さびしくて泣き続ける私に向けられた ”新しい友だち” という慰めの言葉に、安堵を見出そうとしたけど、あまり魅力的には聞こえなかった。今までの友だちがいい。


私たちは、車(タクシーか会社の車?)で移動していた。その日のうちに着けないので、道中で一泊することになっていた。

車を降りた時、これから新しいところへ行くために移動してると思えない落ち着かない感じ、もうあそこへは戻らないのだということが実感できてない感じ、そんな宙ぶらりんな心細い心持ちだったのを覚えている。

しかも母が車酔いで、降りるとすぐに電柱の陰で(水分だけ)吐いていた。その姿も、私の心細さに拍車をかけた。


心がついてきてない。そんな空虚な感じだった。


夜、並べて三枚敷かれた布団に横たわって、私はいつまでも眠れなかった。

旅館のようなその部屋には、天井近くに換気口がついていた。そこから遠くの車の音や、風が小さく唸るようなよくわからない音、ただサワサワと鳴る音などが聞こえる。そういう夜中の音の体験は、私にとって初めてのものだった。


これからどうなるのかな?

未知の部屋で、未知の音を聞きながら、漠然とした未知の未来を思う。


いつの間にか眠っていたらしく、今ある次の記憶は、ちょうど仙台に着いたところだ。


そこでまた車を降りると、出迎えてくれた女性が言った。

「遠いところを大変でしたね。
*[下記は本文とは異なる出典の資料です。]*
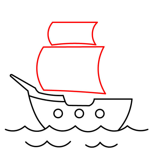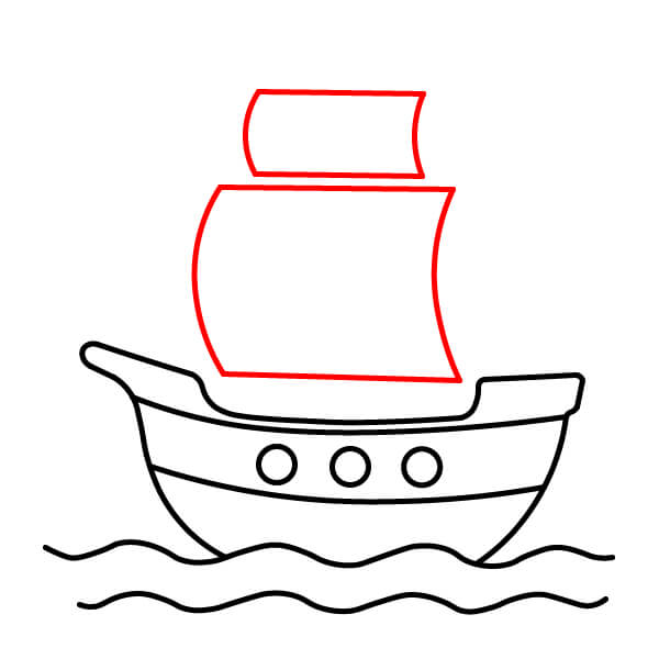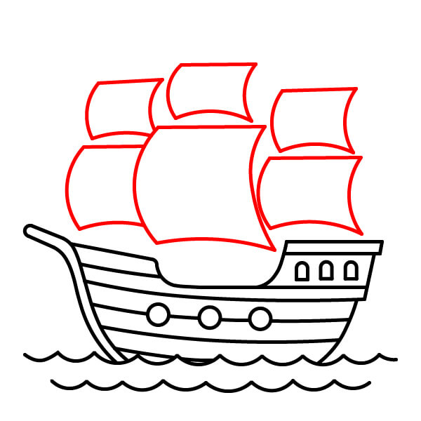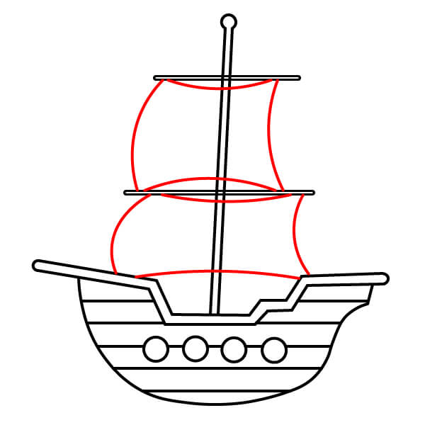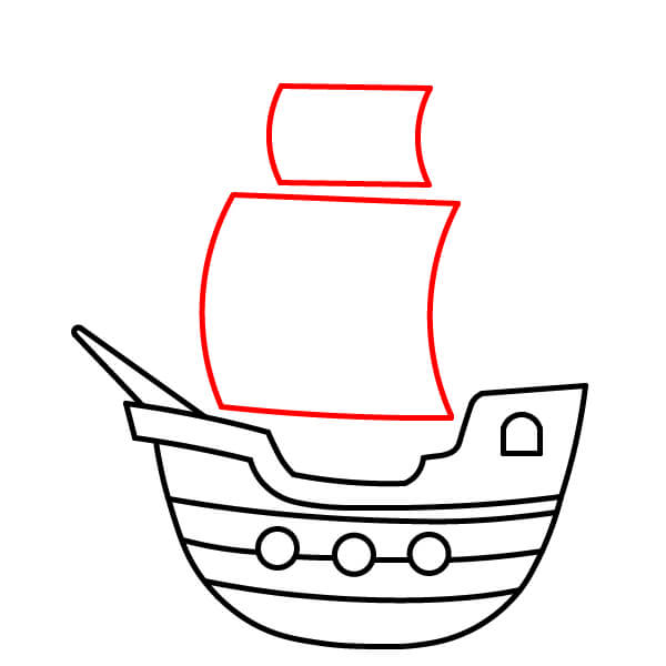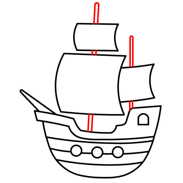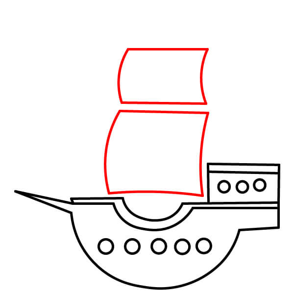 Dibuja dos mástiles principales (líneas verticales) que se eleven desde las zonas de la cubierta. Luego dibuja cuatro velas – dos en cada mástil – usando formas rectangulares curvas para que parezcan llenas de viento.

全然、勝手は違うかもしれませんけど、『住めば都』って言いますからね」


「住めば都」という言葉、その時初めて知った。


結果から言うと、私にとって仙台は「都」にならなかった。


たくさんの不思議なことと、少しのよい思い出。

そして、仮にちょっとだけそこにいた、くらいなヘンな感覚。


仙台は、通り過ぎただけの場所という感じがする。

ある出来事を受け取るためだけに。


大げさではなく、私の心というのか魂というのか、自分の芯のような物が東京から引っこ抜かれて、それ以来ずっと、根付くところが見つかっていない気がしている。

それは、ある意味で、その後の人生自体を、どこか「仮のもの」であるという感じで生きていたからかもしれない。